A much better solution was to wait for an idle bus. Again, the timing here is very critical. It turned out that a good compromise was to wait for 10-10.5µs, since this is the time it would have taken the function to send an ACK response, had it interpreted the last packet correctly.

Above you can see the bus traffic for an interrupt-free V-USB according to the idea above. Instead of waiting for free time on the bus, it simply calls usbpoll() after every successfully received packet. If a collision was detected it will wait for an idle bus to resynch. The bus can be stalled by up to 90 µs using this trick, since the minimum packet length is 45 µs and up to two packets may time out.

A very interesting side effect of this hack is, that the transmission is much faster than with the interrupt-based V-USB, because each data packet only needs to be resent 1-2 times instead of >10 times when the NACKing is used as above.

This is the inner loop of an interrupt-free V-USB implementation:

do {
       // Wait for data packet and call tranceiver                       
        do {
          if (USB_INTR_PENDING & (1<<USB_INTR_PENDING_BIT)) {
          USB_INTR_VECTOR();  // clears INT_PENDING (See se0: in asmcommon.inc)
          break;
        } while(1);
       // Parse data packet and construct response
       usbpoll();

       // Check if a data packet was missed.

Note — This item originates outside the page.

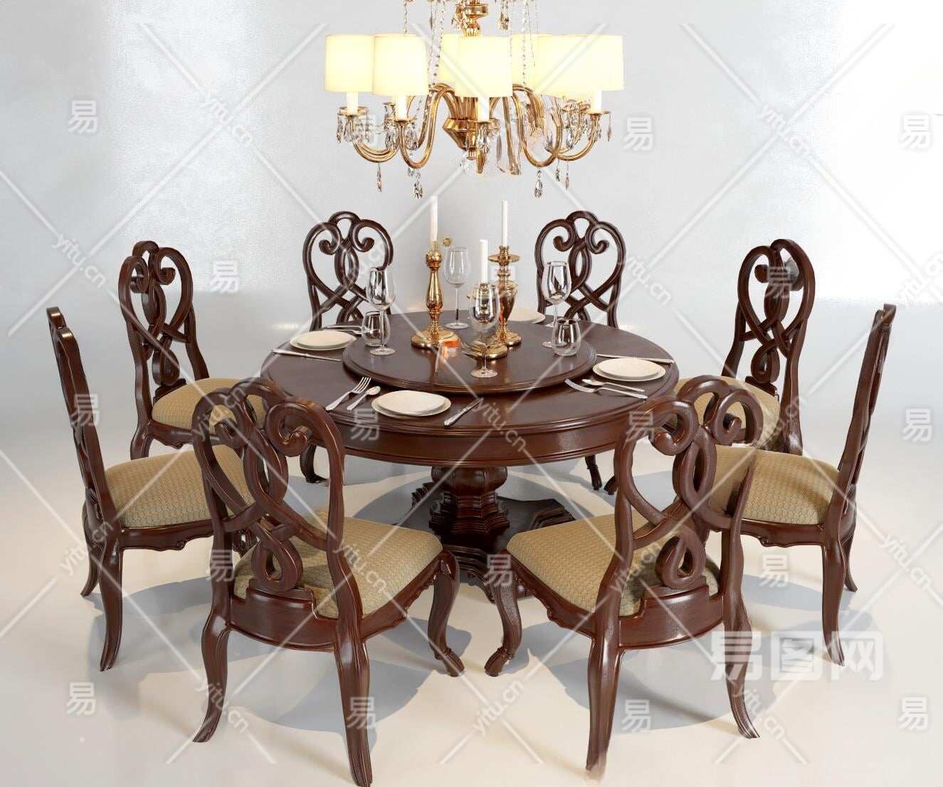 美式餐桌椅组合3D模型下载

If yes, wait for idle bus.
       if (USB_INTR_PENDING & (1<<USB_INTR_PENDING_BIT))  
       {        
          uint8_t ctr;

          // loop takes 5 cycles
          asm volatile(      
          "         ldi  %0,%1 \n\t"        
          "loop%=:  sbic %2,%3  \n\t"        
          "         ldi  %0,%1  \n\t"
          "         subi %0,1   \n\t"        
          "         brne loop%= \n\t"   
          : "=&d" (ctr)
          :  "M" ((uint8_t)(10.0f*(F_CPU/1.0e6f)/5.0f+0.5)), "I" (_SFR_IO_ADDR(USBIN)), "M" (USB_CFG_DPLUS_BIT)
          );       
         USB_INTR_PENDING = 1<
   } while(1);

Are we done yet? There are some minor other things that popped up:

• Handling of a bus reset is not efficiently done in usbpoll() anymore, since it is only called upon received a packet. Instead the detection of a reset also had to be moved into the main polling loop.
• SETUP and OUT are immediately followed by a DATA packet. V-USB has special code to handle this situation, however this detection sometimes failed when the gap between the packets was too long. This is not a problem with interrupts, because they can be “stacked”. In the interrupt-free case additional code had to be inserted before “handleSetupOrOut” in asmcommon.inc
• Since packets are received and parsed in order, it is not necessary anymore to have a double-buffered RX-buffer. Removing it saves some memory.

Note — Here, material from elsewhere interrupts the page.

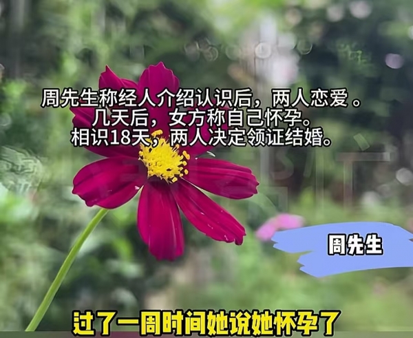 这恋爱关系刚确定没几天,女子就在一周后给了周先生一个大惊喜,拿出验孕棒,称她已经怀上了周先生的孩子。
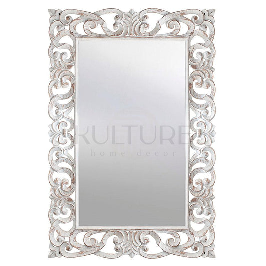 Hand Carved Mirror "Gemilang" White - 90 cm

You can find the full implementation in the testing branch of Micronucleus V2 right now. But be aware that this is an actively developed version, so things may change. So far, this implementation has been tested by multiple people and was found to be stable. Micronucleus V2 will be released once multiple-device support is done.

Edit: Nice, looks like this made it to Hackaday! In light of that I’d like to add that Micronucleus V2 is not yet ready for release. If you just want a nice, small, bootloader for the ATtiny85, I would suggest you try the current release,  Micronucleus V1.11.